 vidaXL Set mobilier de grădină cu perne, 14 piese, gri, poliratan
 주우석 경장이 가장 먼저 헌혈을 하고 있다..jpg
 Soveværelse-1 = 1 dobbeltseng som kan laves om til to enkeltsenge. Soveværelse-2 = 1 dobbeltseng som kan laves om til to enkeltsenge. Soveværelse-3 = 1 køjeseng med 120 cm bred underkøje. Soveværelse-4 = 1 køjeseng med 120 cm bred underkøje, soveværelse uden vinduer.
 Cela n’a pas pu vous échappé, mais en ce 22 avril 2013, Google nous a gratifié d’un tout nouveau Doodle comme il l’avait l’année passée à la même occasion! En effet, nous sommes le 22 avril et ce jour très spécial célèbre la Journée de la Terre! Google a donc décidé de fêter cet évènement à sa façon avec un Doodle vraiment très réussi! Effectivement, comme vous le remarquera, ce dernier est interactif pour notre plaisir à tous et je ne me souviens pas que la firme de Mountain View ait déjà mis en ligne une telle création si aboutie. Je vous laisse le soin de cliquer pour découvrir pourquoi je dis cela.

+ + +

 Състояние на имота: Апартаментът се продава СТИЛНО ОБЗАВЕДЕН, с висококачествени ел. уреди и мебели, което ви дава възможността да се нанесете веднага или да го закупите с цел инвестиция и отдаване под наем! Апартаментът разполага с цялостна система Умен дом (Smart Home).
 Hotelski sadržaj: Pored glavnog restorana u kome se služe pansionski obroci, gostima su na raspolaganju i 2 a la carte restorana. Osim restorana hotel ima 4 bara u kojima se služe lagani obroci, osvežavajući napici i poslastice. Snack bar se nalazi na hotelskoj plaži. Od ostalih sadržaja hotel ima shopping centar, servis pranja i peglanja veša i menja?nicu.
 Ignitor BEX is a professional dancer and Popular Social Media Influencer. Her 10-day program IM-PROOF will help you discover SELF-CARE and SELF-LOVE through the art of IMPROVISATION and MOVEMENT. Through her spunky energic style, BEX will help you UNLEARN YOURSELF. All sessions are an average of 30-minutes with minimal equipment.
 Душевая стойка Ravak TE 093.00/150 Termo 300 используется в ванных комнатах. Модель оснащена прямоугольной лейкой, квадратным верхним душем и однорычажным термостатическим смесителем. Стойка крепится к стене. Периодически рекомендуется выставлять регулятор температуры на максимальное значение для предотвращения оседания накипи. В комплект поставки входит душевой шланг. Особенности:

+ + +

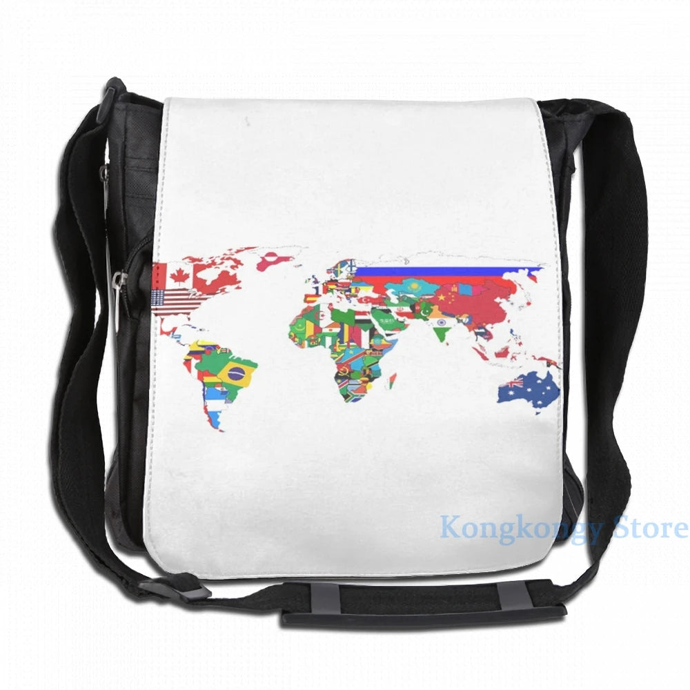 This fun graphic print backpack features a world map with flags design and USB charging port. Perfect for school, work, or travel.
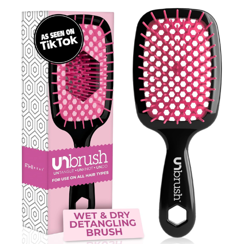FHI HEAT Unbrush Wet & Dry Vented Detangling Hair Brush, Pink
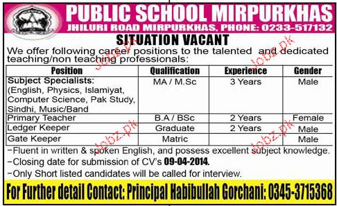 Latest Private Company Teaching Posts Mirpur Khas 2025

+ + +

§ What the exercise asks
Out of the records above, return only the lines from the one with "This fun graphic" through the one with "Latest Private Company", exactly, and none of the pictures.

§ Solution to this exercise
 This fun graphic print backpack features a world map with flags design and USB charging port. Perfect for school, work, or travel.
FHI HEAT Unbrush Wet & Dry Vented Detangling Hair Brush, Pink
 Latest Private Company Teaching Posts Mirpur Khas 2025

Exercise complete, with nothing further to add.